Pejabat tata usaha negara yang punya otoritas dalam proses Tes CAT SKD MA RI T.A 2021 tersebut sebetulnya dapat menggunakan diskresi (freies ermessen). Dengan bersandar pada freies ermessen, pejabat tata usaha negara negara memiliki kewenangan yang luas untuk melakukan berbagai tindakan hukum dalam rangka melayani kepentingan masyarakat atau mewujudkan kesejahteraan umum, dan untuk melakukan tindakan itu diperlukan instrumen hukum. Artinya, bersamaan dengan pemberian kewenangan yang luas untuk bertindak diberikan pula kewenangan untuk membuat instrumen hukumnya.
Sebagai upaya perlindungan terhadap hak kepesertaan a.n Imanuel Mahole untuk dapat mengikuti Tes CAT SKD MA RI T.A 2021 berdasarkan asas-asas umum pemerintahan yang baik yaitu asas kemanfaatan , asas tidak menyalahgunakan kewenangan dan asas pelayanan yang baik.

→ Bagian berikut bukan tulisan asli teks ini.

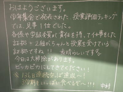1年2組が快挙達成です。2学期全て給食完食。通算136日連続。しかも継続中です。3学期もやりそうですね。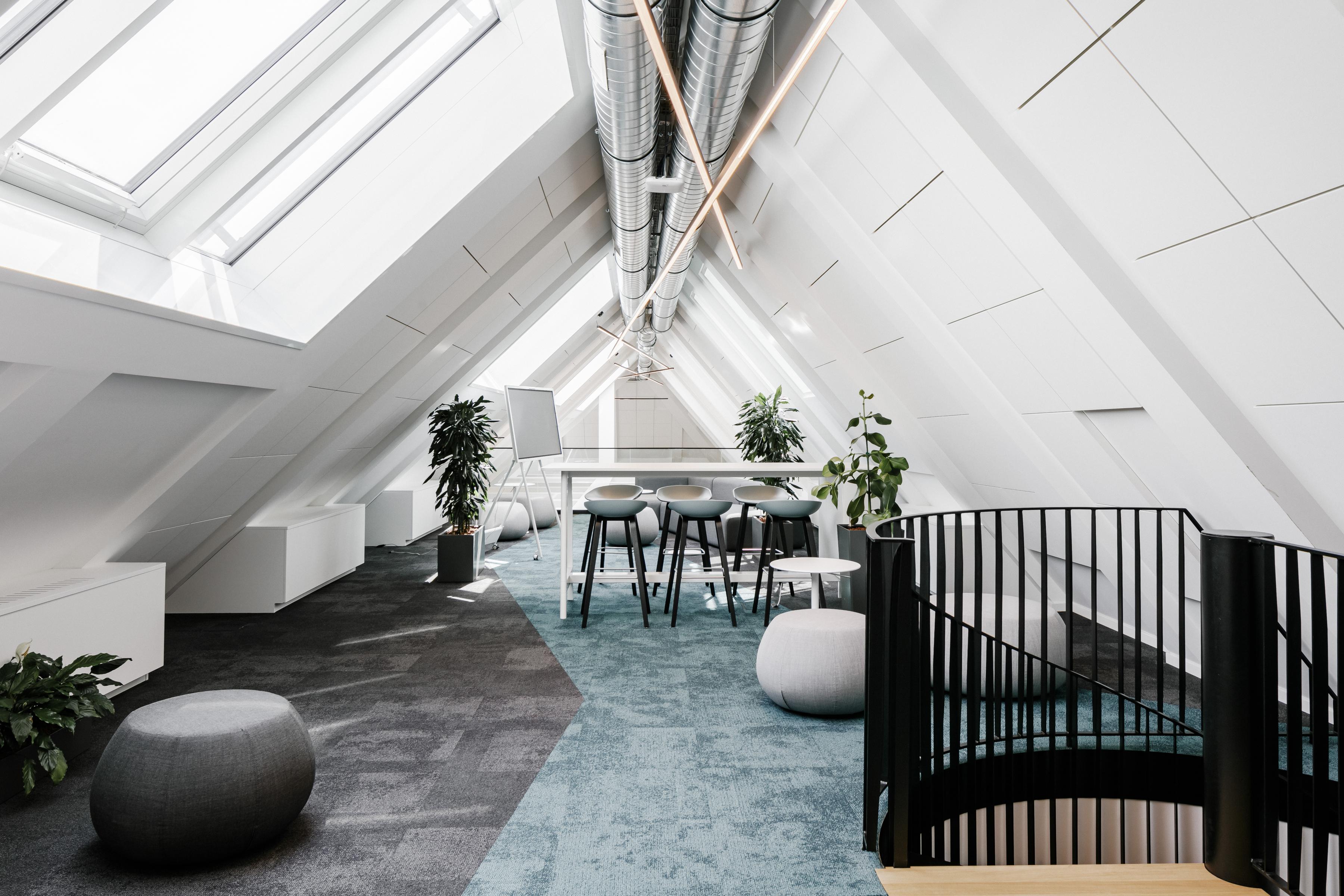 Para garantir a acústica necessária para uma vasta gama de atividades neste ambiente dinâmico, um forro acústico Ecophon foi instalado. Ecophon Master™ SQ é um forro acústico especialmente projetado para ambientes de escritório de plano aberto e todas outras áreas onde as exigências por uma boa acústica e inteligibilidade de fala são particularmente altas. As placas de espessura de 40 mm são coladas diretamente ao forro exposto e permanecem visualmente discretos. Isto resulta em uma solução acústica quase invisível, mas muito efetiva.

Demikianlah karakter hukum progresif yang dibangun (dikonstruk) oleh pendirinya yaitu Satjipto Rahardjo yang mengkonsepsikan bahwa “Hukum harus mengabdi kepada kepentingan manusia, bukan sebaliknya manusia yang harus menghambakan diri kepada hukum”. Namun kenyataannya, hukum telah kehilangan rohnya (value-nya) yaitu keadilan, sehingga dalam penegakannya, hukum tampil bagai raksasa yang setiap saat menerkam rasa keadilan masyarakat melalui anarkismenya yang berkedok kepastian hukum dalam bingkai positivisme yang mengkultuskan undang-undang (Baca : Peraturan BKN No. 2 Tahun 2021).